Coalesced Hashing Deletion Algorithm

Can someone show me an example of deletion algorithm for a coalesced chained hash table?

My insertion algorithm is like this:

Insert (key) 
    int p = hash(key)
    if d[p] = NIL then
        d[p] = key
        next[p] = NIL
    else
        while next[p] != NIL 
            p = next[p]
        endwhile
        td[firstEmpty] = key
        next[p] = firstEmpty
        next[firstEmpty] = NIL
    endif
    UpdateFirstEmpty(); //sets firstEmpty to first empty slot with lowest index
endInsert

Let's say the number of slots in the table is 13. The hash function returns Key%13.

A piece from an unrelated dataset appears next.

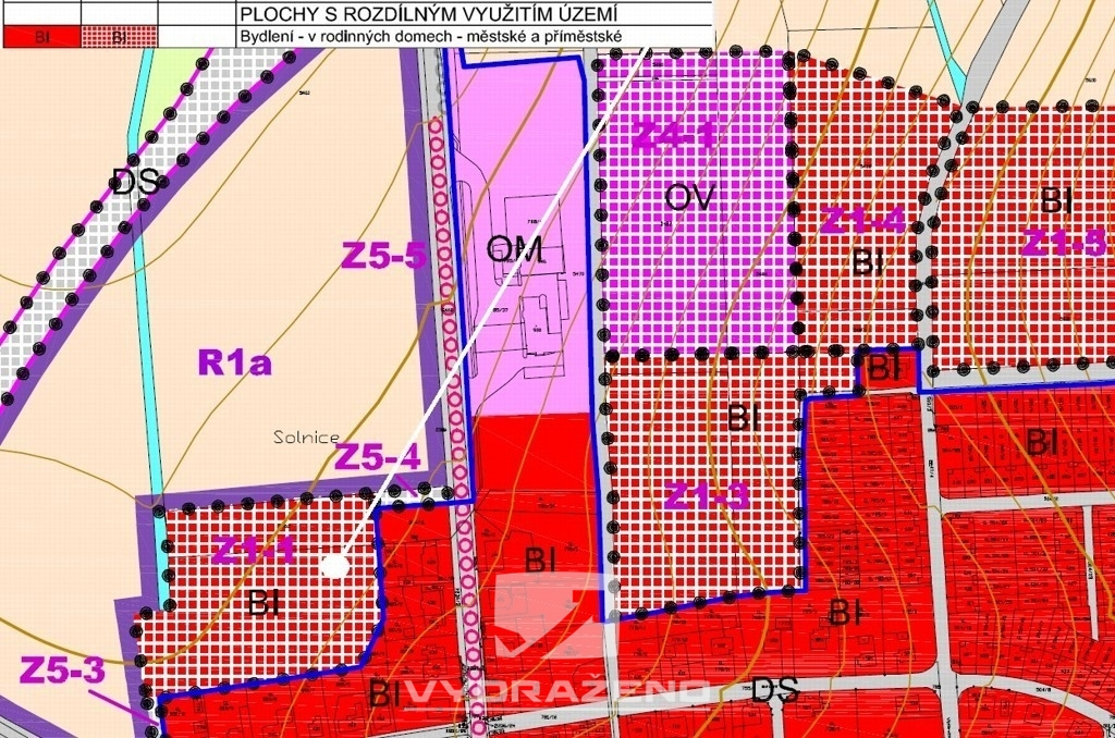 Dle územního plánu je pozemek určen k výstavbě rodinného domu a je součástí připravované obytné lokality.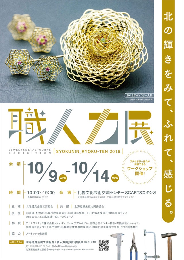 「職人、作家の技術、デザイン、アイデアを身近に感じてもらいたい」「未来の職人を育てたい」を基本理念とした北海道貴金属工芸組合員(錺職人・工芸作家・金工講師・ものづくりを学ぶ学生等)による貴金属等を使用した作品の展示販売会です。

    Keys | 5 | 18 | 16 | 15 | 13 | 31 | 26 |      
Hash(key)| 5 |  5 |  3 |  2 |  0 |  5 |  0 |

After inserting them in this order my table would look something like this:

index|  0|  1|  2|  3|  4|  5|  6|  7|  8|  9| 10| 11| 12|
    d| 18| 13| 15| 16| 31|  5| 26| -1| -1| -1| -1| -1| -1|
 next|  1|  4| -1| -1|  6|  0| -1| -1| -1| -1| -1| -1| -1|

where -1 = NIL

If someone could explain to me what I should be trying to do when removing keys without breaking the chains even if it's in words I would really appreciate it.

Thanks

EDIT -: I think I finally got it.. I'm using the same technique I used when deleting an item from a open addressed hash table.

This is how it goes:

Search for key position and it's predecessor 开发者_Go百科pp
    if key is found at position p
        if pp != NIL then 
             next[pp] = NIL  
        d[p] = NIL           //deletes the key
        p = next[p]          //move position to next value in the chain
        UpdateFirstEmpty()
        while d[p] != NIL do
            temp = d[p]      //save value
            d[p] = NIL       //delete value 
            p = next[p]      //move position to next value in chain
            UpdateFirstEmpty()
            Insert(temp)     //insert the value in the list again
        endwhile
   endif
endalg

index|  0|  1|  2|  3|  4|  5|  6|  7|  8|  9| 10| 11| 12|
    d| 18| 13| 15| 16| 31|  5| 26| -1| -1| -1| -1| -1| -1|
 next|  1|  4| -1| -1|  6|  0| -1| -1| -1| -1| -1| -1| -1|
firstFree: 7

delete 18

index|  0|  1|  2|  3|  4|  5|  6|  7|  8|  9| 10| 11| 12|
    d| 13| 31| 15| 16| 26|  5| -1| -1| -1| -1| -1| -1| -1|
 next|  4| -1| -1| -1| -1|  1| -1| -1| -1| -1| -1| -1| -1|
firstFree: 6

delete 13

index|  0|  1|  2|  3|  4|  5|  6|  7|  8|  9| 10| 11| 12|
    d| 26| 31| 15| 16| -1|  5| -1| -1| -1| -1| -1| -1| -1|
 next| -1| -1| -1| -1| -1|  1| -1| -1| -1| -1| -1| -1| -1|
firstFree: 4

delete 26

index|  0|  1|  2|  3|  4|  5|  6|  7|  8|  9| 10| 11| 12|
    d| -1| 31| 15| 16| -1|  5| -1| -1| -1| -1| -1| -1| -1|
 next| -1| -1| -1| -1| -1|  1| -1| -1| -1| -1| -1| -1| -1|
firstFree: 0

I don't think this is the right way to be doing it, but it seems to be working. Anyway, I hope will help someone in the future.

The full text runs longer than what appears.